### How to complete this task
Transcribe the entries below exactly, starting with the line that has "Low Top Distressed" and stopping after the line that has "Pinza de Petit"; no pictures belong in the copy.

### Extracted information
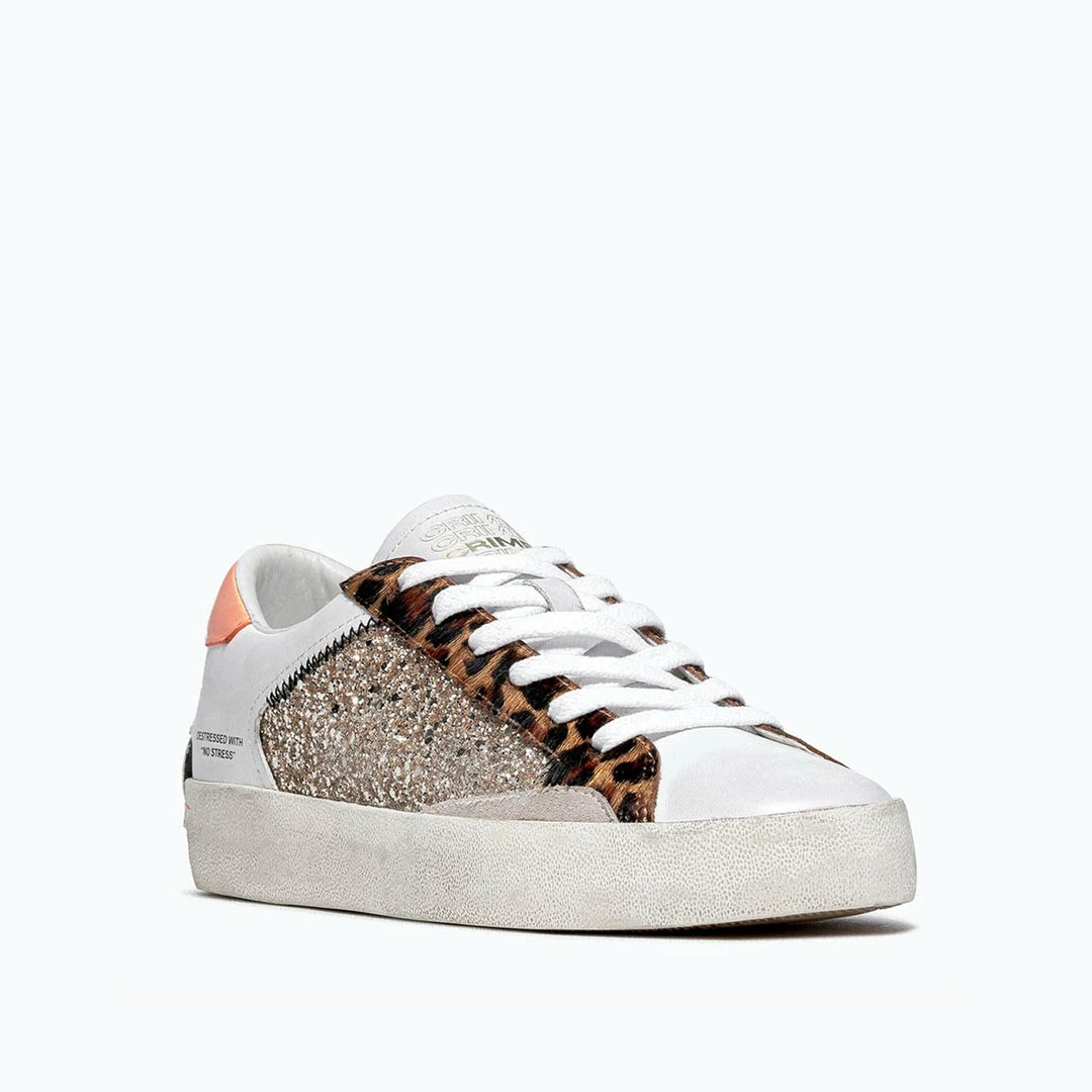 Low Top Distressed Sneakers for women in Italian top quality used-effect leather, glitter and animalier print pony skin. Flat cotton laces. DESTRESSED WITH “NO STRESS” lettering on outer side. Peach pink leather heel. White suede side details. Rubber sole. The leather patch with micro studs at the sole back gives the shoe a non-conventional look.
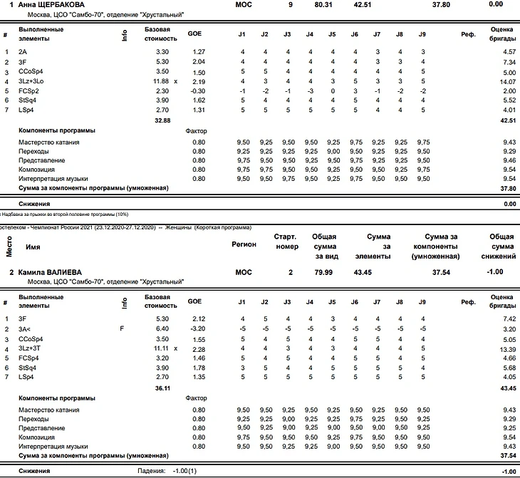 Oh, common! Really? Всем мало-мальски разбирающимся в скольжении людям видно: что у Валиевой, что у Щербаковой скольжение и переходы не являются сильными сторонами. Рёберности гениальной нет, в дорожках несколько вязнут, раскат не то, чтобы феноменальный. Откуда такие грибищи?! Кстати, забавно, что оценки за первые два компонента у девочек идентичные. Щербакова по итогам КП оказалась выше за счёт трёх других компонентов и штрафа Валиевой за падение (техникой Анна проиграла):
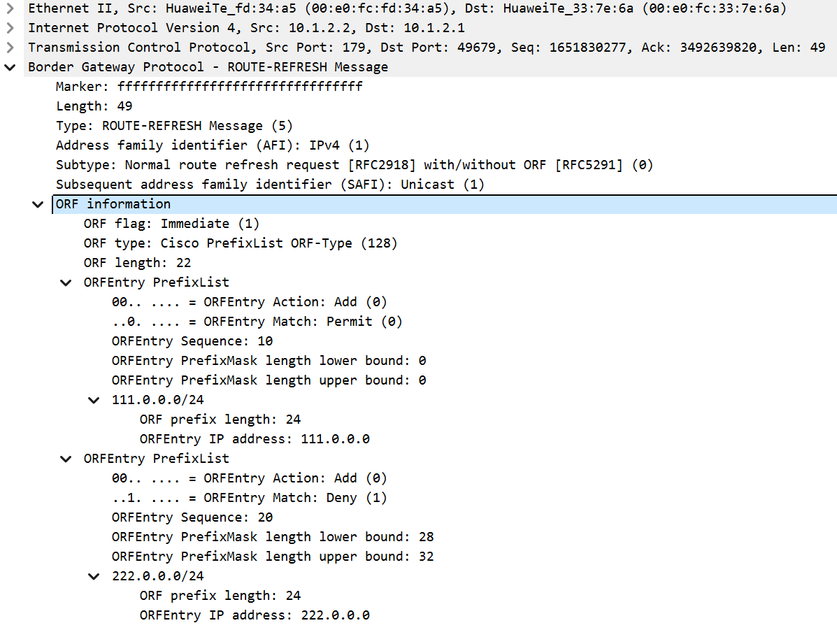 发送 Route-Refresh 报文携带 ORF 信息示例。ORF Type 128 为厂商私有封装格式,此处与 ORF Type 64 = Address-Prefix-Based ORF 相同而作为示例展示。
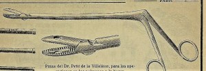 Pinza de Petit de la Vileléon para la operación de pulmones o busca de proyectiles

==

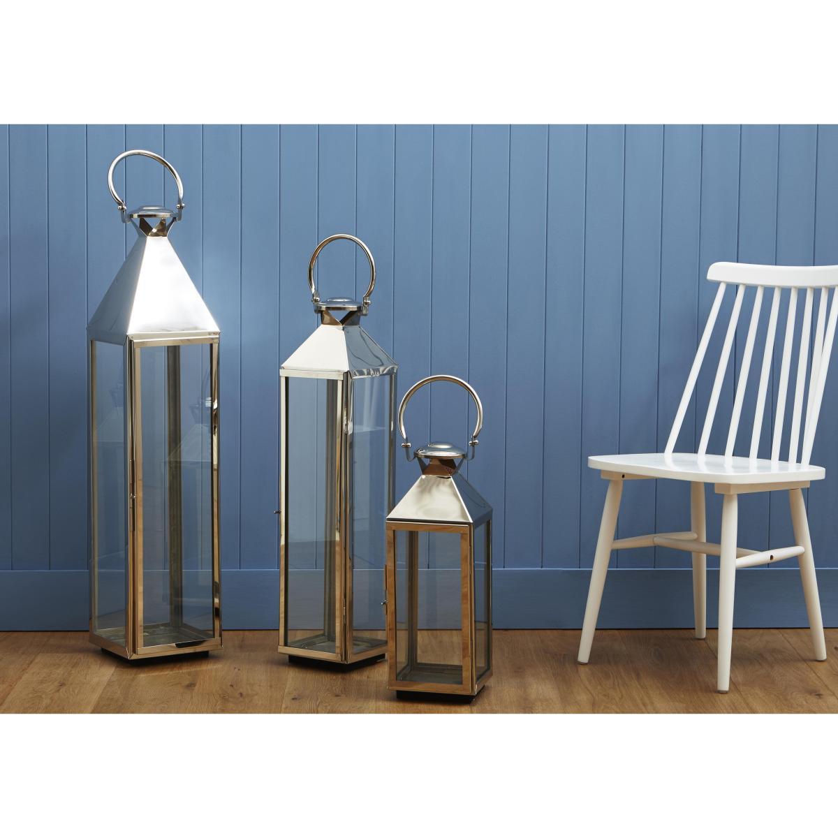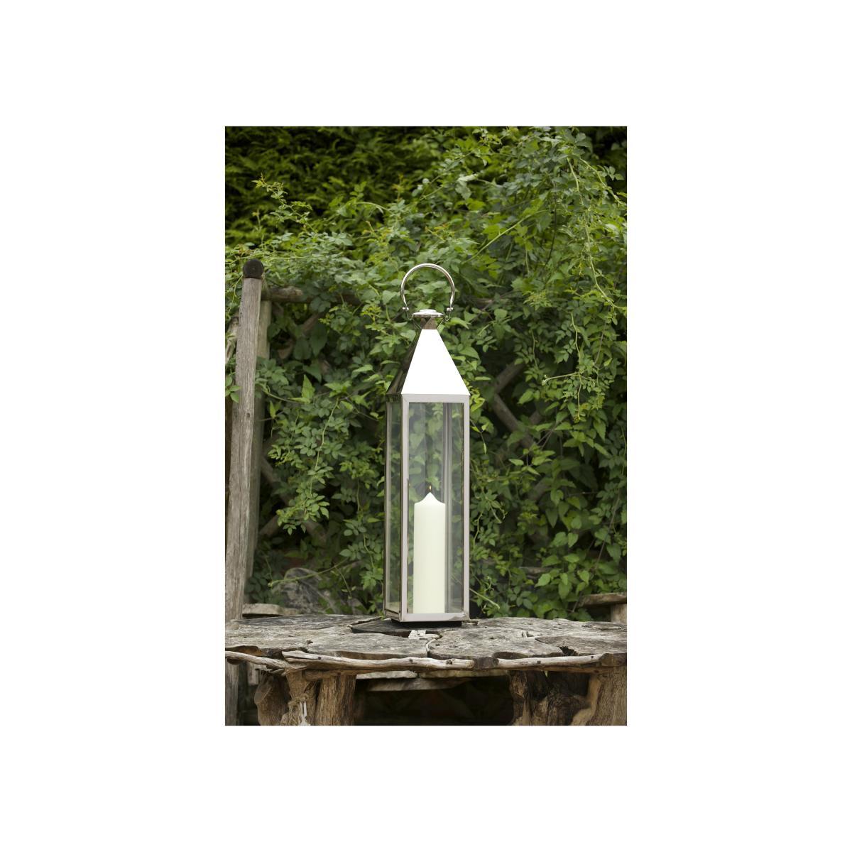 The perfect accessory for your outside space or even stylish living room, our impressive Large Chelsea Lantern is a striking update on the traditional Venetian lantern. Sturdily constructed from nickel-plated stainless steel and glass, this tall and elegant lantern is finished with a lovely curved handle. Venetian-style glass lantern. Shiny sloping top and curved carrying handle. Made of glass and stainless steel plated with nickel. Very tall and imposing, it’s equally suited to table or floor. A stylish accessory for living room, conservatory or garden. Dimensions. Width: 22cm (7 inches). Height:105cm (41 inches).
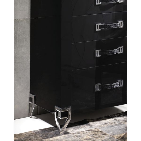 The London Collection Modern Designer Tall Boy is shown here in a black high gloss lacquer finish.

### Answer to the problem
 Low Top Distressed Sneakers for women in Italian top quality used-effect leather, glitter and animalier print pony skin. Flat cotton laces. DESTRESSED WITH “NO STRESS” lettering on outer side. Peach pink leather heel. White suede side details. Rubber sole. The leather patch with micro studs at the sole back gives the shoe a non-conventional look.
 Oh, common! Really? Всем мало-мальски разбирающимся в скольжении людям видно: что у Валиевой, что у Щербаковой скольжение и переходы не являются сильными сторонами. Рёберности гениальной нет, в дорожках несколько вязнут, раскат не то, чтобы феноменальный. Откуда такие грибищи?! Кстати, забавно, что оценки за первые два компонента у девочек идентичные. Щербакова по итогам КП оказалась выше за счёт трёх других компонентов и штрафа Валиевой за падение (техникой Анна проиграла):
 发送 Route-Refresh 报文携带 ORF 信息示例。ORF Type 128 为厂商私有封装格式,此处与 ORF Type 64 = Address-Prefix-Based ORF 相同而作为示例展示。
 Pinza de Petit de la Vileléon para la operación de pulmones o busca de proyectiles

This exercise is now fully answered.